Height distributions.
earnings %>%
drop_na(height) %>%
ggplot(aes(height)) +
geom_bar() +
facet_grid(rows = vars(sex)) +
scale_x_continuous(breaks = scales::breaks_width(2)) +
labs(title = "Height distributions")There appears to be an excess of women who at 5 feet (60 inches) and 5 feet 6 inches (66 inches), and an excess of men who are 6 feet (72 inches), probably due to respondents rounding.
Weight distributions.
earnings %>%
drop_na(weight) %>%
ggplot(aes(weight)) +
geom_histogram(binwidth = 10, boundary = 0) +
facet_grid(rows = vars(sex)) +
scale_x_continuous(breaks = scales::breaks_width(50)) +
labs(title = "Weight distributions")Nothing remarkable.
Earnings distributions.
earnings %>%
drop_na(earn) %>%
ggplot(aes(earn)) +
geom_histogram(binwidth = 5e3, boundary = 0) +
coord_cartesian(xlim = c(NA, 70e3)) +
facet_grid(rows = vars(sex)) +
scale_x_continuous(breaks = scales::breaks_width(10e3)) +
labs(title = "Earnings distributions")There are spikes in the lowest bin.

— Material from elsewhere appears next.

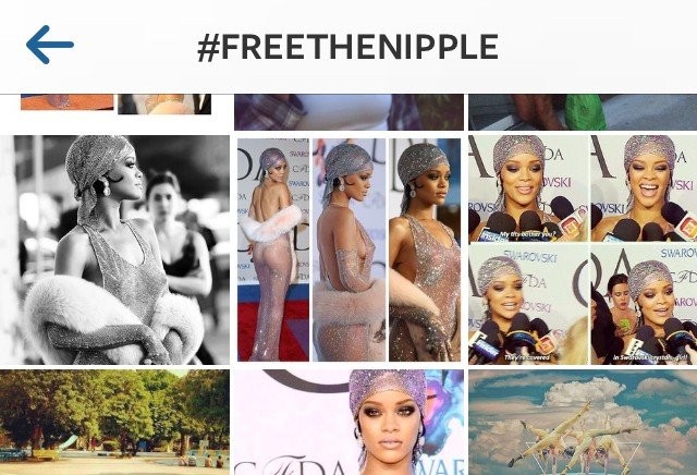 Rihannan supersuositun (ja superalastoman) Insta-tilin katoaminen on saanut fanit puuhaamaan vallankumousta: jos satojen tuhansien Instagram-käyttäjien tilit poistetaan alastomuutta sisältävien kuvien vuoksi, laskevat palvelun käyttäjämäärät dramaattisesti. Rihannakin näyttäytyi nänneineen maanantaina New Yorkissa järjestetyssä CFDA Fashion Awards -palkintogaalassa läpinäkyvässä glitterasussa ikään kuin haistatellakseen Instagramin konservatiivisuudelle.

Let’s check to see if these are due to respondents with no earnings.
v <-
earnings %>%
filter(earn == 0) %>%
count(sex)
v#> # A tibble: 2 x 2
#> sex n
#> * <chr> <int>
#> 1 Female 172
#> 2 Male 15
187 respondents had no earnings, with 172 of these women.
Earnings distributions.
earnings %>%
drop_na(earn) %>%
ggplot(aes(sex, earn)) +
geom_boxplot() +
coord_cartesian(ylim = c(NA, 70e3)) +
labs(title = "Earnings distributions")Men have a higher median earnings.
v <-
earnings %>%
group_by(sex) %>%
summarize(earn_median = median(earn, na.rm = TRUE))
v#> # A tibble: 2 x 2
#> sex earn_median
#> * <chr> <dbl>
#> 1 Female 15000
#> 2 Male 25000
The median earnings of men is 10000 higher.